Piezoelectrics have shown great potential for controlling the piezoelectro-optical process in multifunctional materials. Electric field poling is an effective way of modulating the structure of rare earth doped piezoelectric materials, thus affecting their piezoelectro–optical interplays. Here, the (Ba_0.96Ca_0.04)(Ti_0.90Sn_0.10)O₃-0.2%Sm (BCST-Sm) lead-free ceramics exhibit high piezoelectric properties (d₃₃ = 450 pC N⁻¹, k_p = 52%) as well as strong reddish-orange photoluminescence emission (PLE). The highest piezoelectric coefficient and PLE quenching of the BCST-Sm ceramics are obtained simultaneously at a poling electric field of 20 kV cm⁻¹, which are related to the phase transition and the changes in lattice symmetry and domain structure.
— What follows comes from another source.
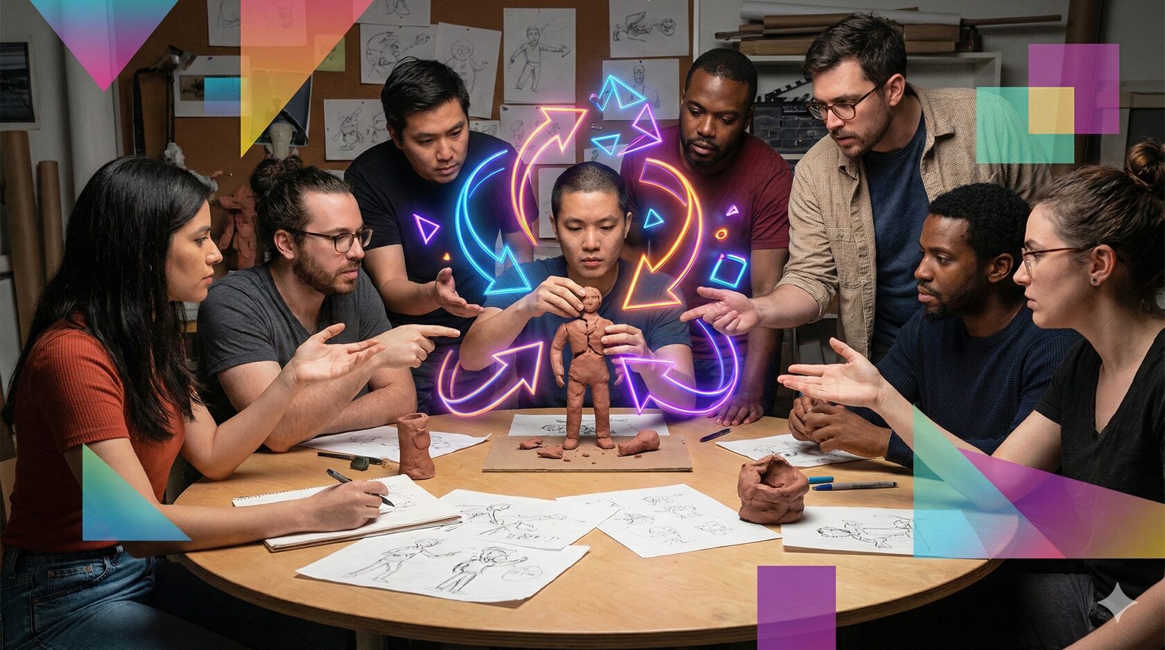 Наконец, интерфейсы для идей и монтаж. Креативный процесс редко бывает линейным - чаще это монтаж из набросков, итераций, кусочков, которые нужно собрать. Поэтому важны системы фиксации и доработки идей. Успешные команды вводят циклы обратной связи и прототипирования. Пример - легендарный Braintrust студии Pixar: внутренний совет, где режиссёры и сценаристы без страха обсуждают сырую версию мультфильма, находят проблемы и вместе придумывают решения. Эд Кэтмелл, президент Pixar, признаётся, что ни один фильм студии не начинался гениальным: первые черновые версии «успешных» картин были ужасны, и лишь серия правок сделала их шедеврами . В раннем варианте Toy Story главный герой Вуди был настолько неприятным персонажем, что тестовая аудитория его ненавидела. Только благодаря тому, что команда честно признала проблему и переделала десятки сцен, мир полюбил обаятельного Вуди. Вывод: творчество - это итерации. Черновик, обсуждение, улучшение - повторить. Подход «с одного раза в гений» не работает почти никогда. Продюсерский подход как раз и задаёт эти самые циклы, превращая разрозненные вдохновения в последовательный монтаж. Результат - воспроизводимый креатив: когда есть методика получать достойный результат проект за проектом, пусть и через пот и черновики.

The BCST-Sm ceramics transform from the coexisting R–T phases to a single T phase by applying an electric field, where the long-range ordered large domain structure is induced. The decreased asymmetry and relaxor and the increased domain size contributed to the quenching of photoluminescence (PL) performance, while the instability of the polarization state and domain reorientation benefitted the piezoelectric response. This work demonstrates the inherent piezoelectro–optical interplays in association with various structures stimulated by the electric field and provides a physical mechanism for better understanding and designing multifunctional materials.